Wednesday, September 1, 2010

Long Out Of Order Queueing Delays

Last week I posted about a kernel patch that records how long out of order TCP packets are kept hidden from userspace while the kernel tries to fill in the necessary holes to create an in-order stream.

These packets are especially frustrating - they have arrived at the host but the application does not have access to them until the kernel can create an in-order stream. Some applications that are really doing messaging over TCP (which might be sensible if you're looking for congestion control, maybe layered security, maybe multiplexing different semantic streams onto one TCP stream and the loss is localized to one of them, etc..) might be capable of moving on with their lives (and their data) more quickly if they had access to the missing sequence numbers. So the question is, how long are these kinds of applications waiting for in-order data when out-of-order data is already at their host?

I ran that code for about 10 days on my desktop which runs typical American broadband with normal RTTs anywhere from 40 to 150ms. The host is even SACK enabled. Here is what I found:

* 38,881 web flows (port 80 or 443)

* 164 flows that contained reordered packets. That is 4.1 per thousand.

* 915K total packets. 18,169 of them reordered. That is 19.8 per thousand.

* The flows with reordering account for just .4% of the flows, but 40% of the total packets. Obviously, the bigger you are the more likely you are to experience a reordering event.. but furthermore small flows sometimes don't reorder at all because any loss that impacts them is more likely to be repaired with an empty window and a timeout.

* If you select for just the .41% of flows that experience reordering a whopping 4.6% of the packets in that flow are reordered on average. Indeed this average flow is pretty large - 2418 packets and 110 of them are delayed due to being out of order. The average size of a flow that did not experience any reordering was just 24 data packets long. The fact that reordering events are such large clusters is probably good news - it likely means that we were seeing big windows of data on the wire and just a small amount of the early packets in that window were lost.. the rest of the window is counted as out-of-order. We want to see big windows in flight - so I'm good with that.

* The average length of a reordered packet is 1424 bytes. Over 97% of these reordered packets are at least 1300 bytes long. This isn't that interesting, but I wrote it down - so here it is.

When I talk about "N packets long" I mean my host received N packets with data in them.. bare acks and control packets are not counted.

So far, that's not too bad. Big flows have this happen all the time. Reordering is basically a pre-requisite for doing any kind of TCP fast recovery in the face of packet loss so it looks good. If we assume that the reordering is due to small packet losses which can be repaired with fast-retransmit algorithms, which seems to make sense, then the out of order problem should be repaired in a little over 1 RTT, right?

Unfortunately, when I plotted the delays incurred they look a lot bigger than the distribution of RTTs I see from my dekstop. A lot bigger.

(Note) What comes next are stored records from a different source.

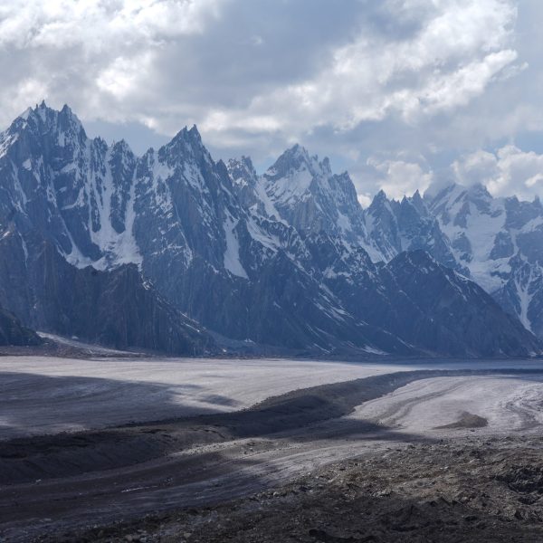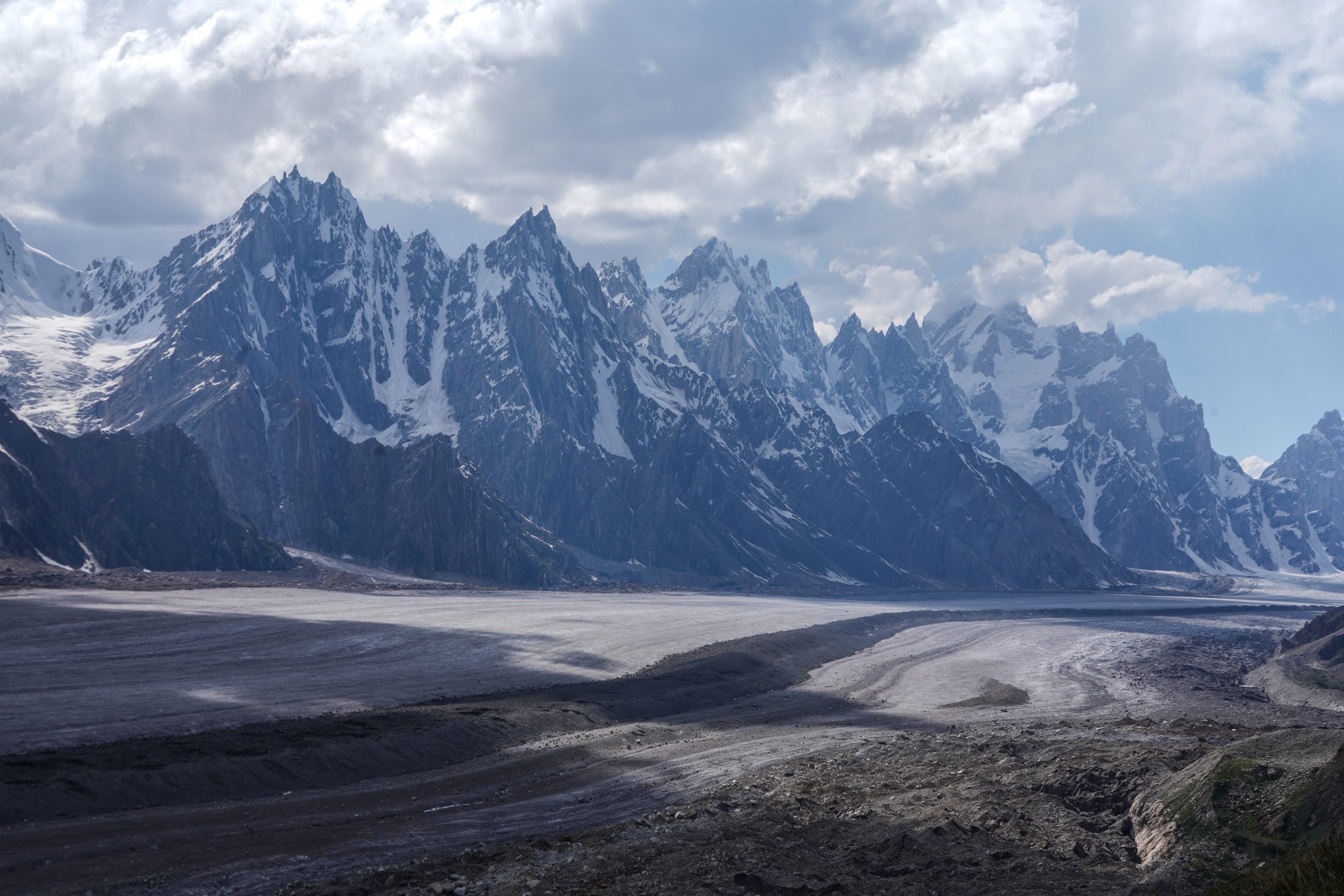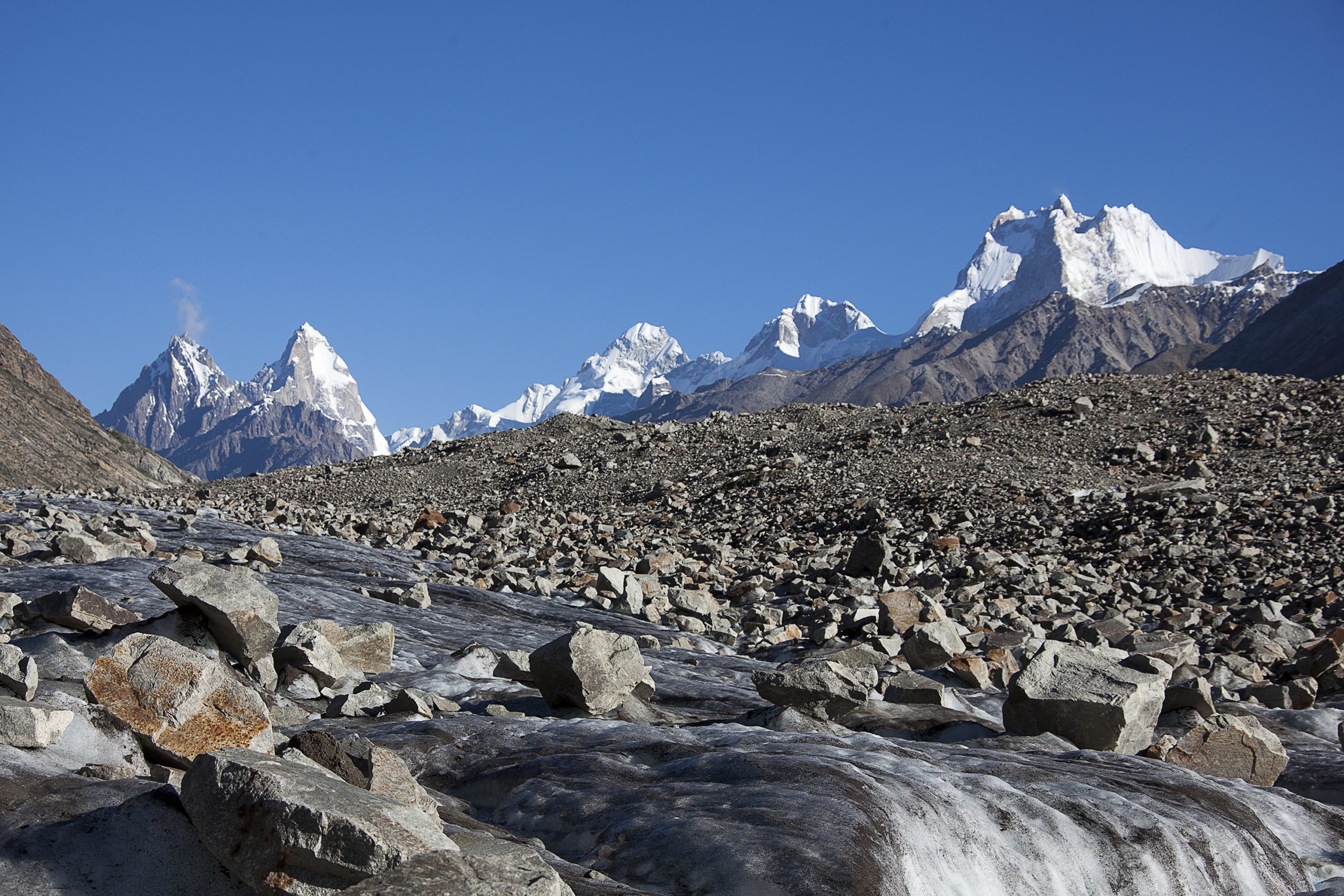 Hoy seguiremos caminando por el glaciar Biafo en dirección norte, podremos disfrutar hoy en gran parte de la ruta de las tres montañas Latok: Latok-1 (7145 m), Latok-II (7108 m) y Latok-III (6949 m).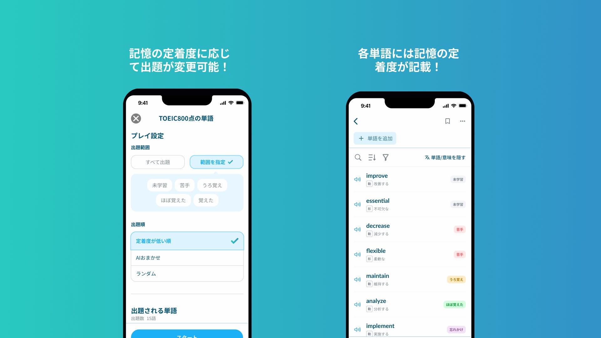 「覚えたい単語だけ集めて復習」「単語ごとの記憶度を“直感的に確認”しながら学習」できる新機能が追加!自分専用の学習リストと記憶の可視化によって自分の習熟度に応じた、より効率的な学習体験を実現します!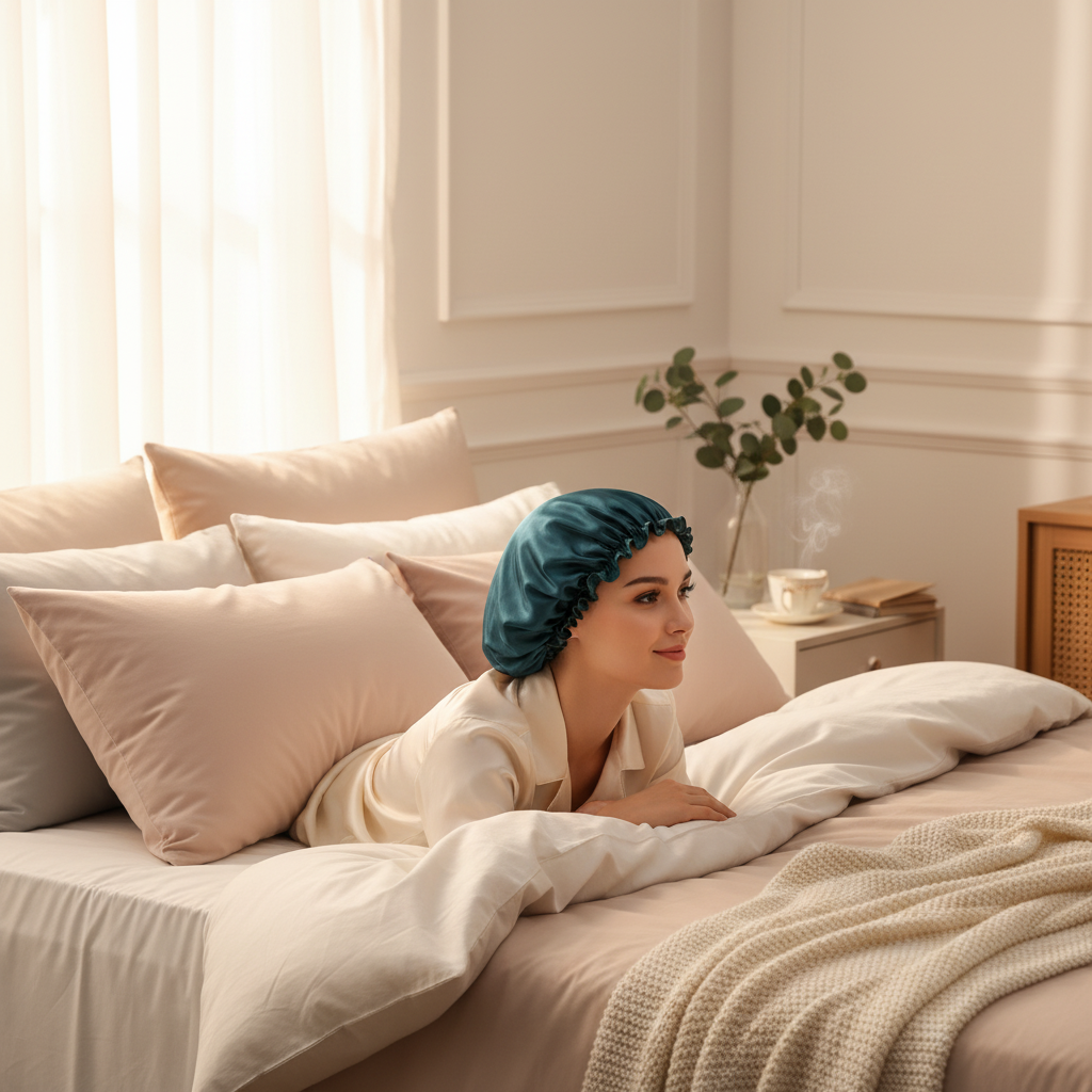 Bonnet En Satin Bleu Sarcelle Volanté Pour Cheveux : Protection Capillaire Nocturne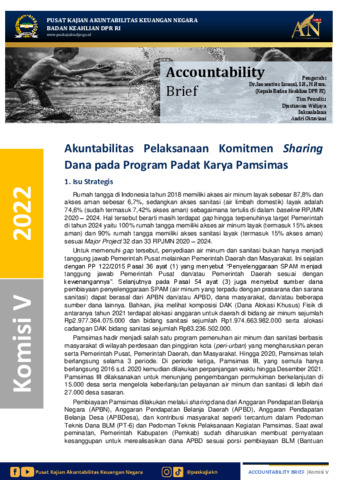 Widjaya, Djustiawan, Sukmalalana, Sukmalalana and Oktaviani, Andri (2022) Akuntabilitas Pelaksanaan Komitmen Sharing Dana pada Program Padat Karya Pamsimas. Accountability Brief.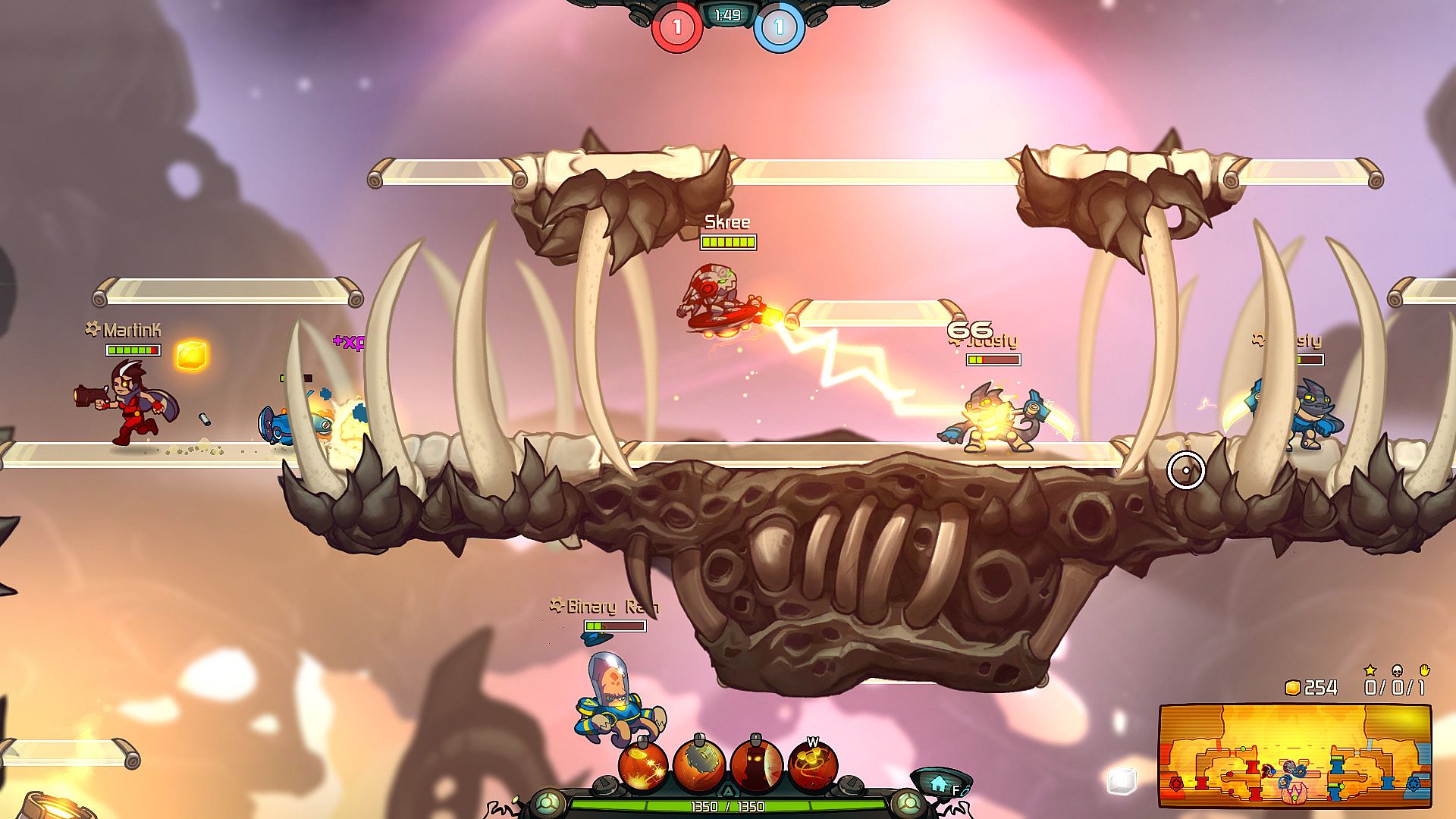 Skree is a moderately-challenging harasser that shoots lightning and summons totem that blocks enemy movement. He is also able to deploy a sawblade, and comes equipped with the following abilities: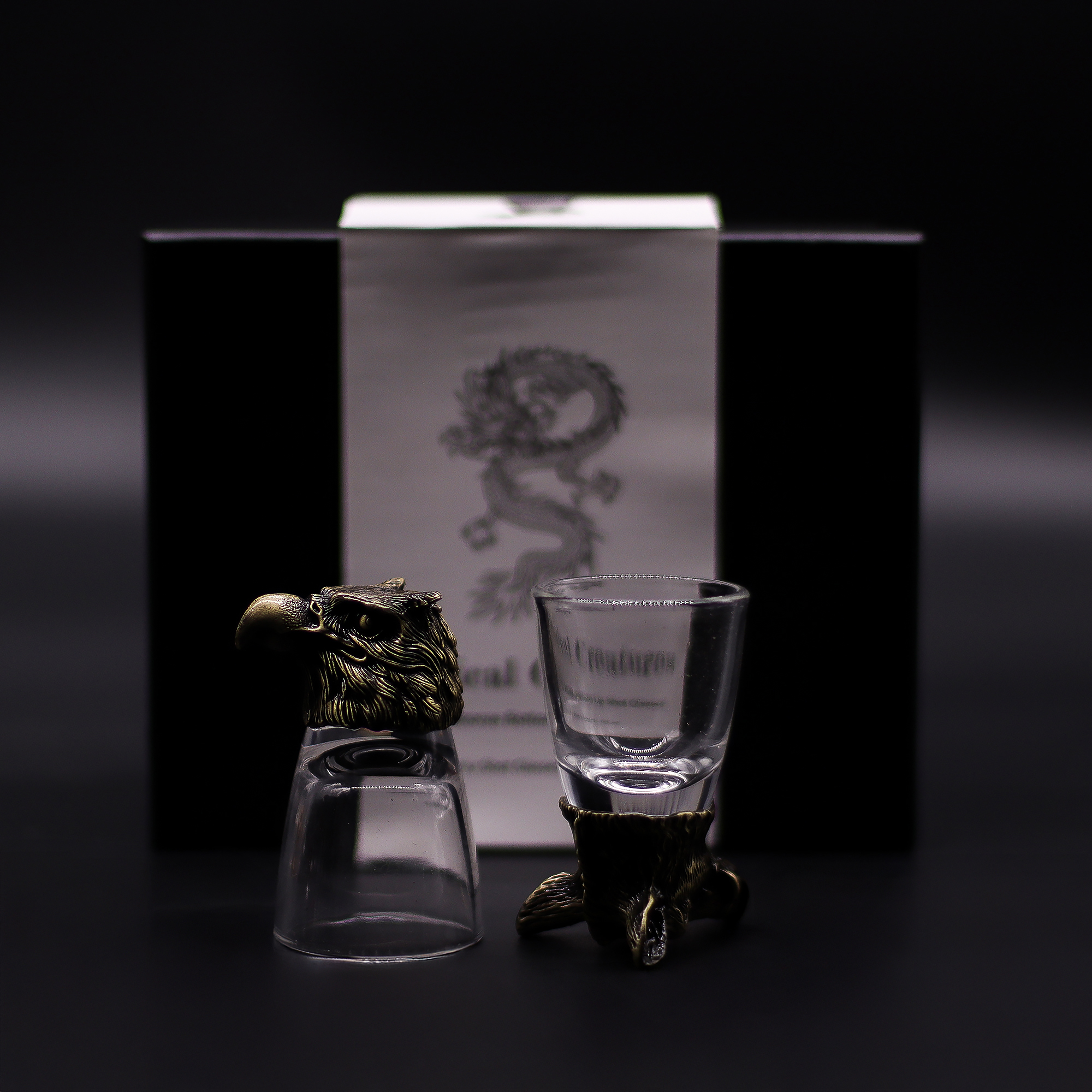 Fabricados em vidro transparente com bases metálicas em bronze antigo, unem praticidade e um design rústico e elegante. A capacidade de 50ml torna-os perfeitos não só para shots de bebidas espirituosas, mas também para servir licores artesanais ou pequenas degustações.

There is a really long tail on that graph - and it only captures the best 97% of the data points. The longest I saw any packet wait in the reorder queue (and make it out again) was a full 2.5 minutes.

Even though 2.5 minutes is an aberration, the normal cases are still pretty awful. The median time out of order packets spend queued in the kernel while waiting for an in-order stream is 293 milliseconds! Ouch.

Let's zoom in on that graph - this shows the 90% of the packets that waited the shortest amount of time:

That's pretty ugly, you need to budget a full second wait to get 80% of the reordered packets out of their kernel limbo.

It is much much uglier than I expected.

It's not the reordering that bothers me - big reordering runs are to be perfectly expected in the face of a little packet loss and it is good to use that bandwidth while the loss is repaired.

But why is it taking so long to repair?

Friday, August 20, 2010

Characterizing Delays Caused by TCP in-order

If packet N+1 of a TCP flow arrives before packet N, the receiving application does not see any data until packet N gets there. That's what we mean when we say TCP guarantees in-order delivery. That is also true if N+1 through N+100 get there before N - nobody gets through until they can all be delivered in-order.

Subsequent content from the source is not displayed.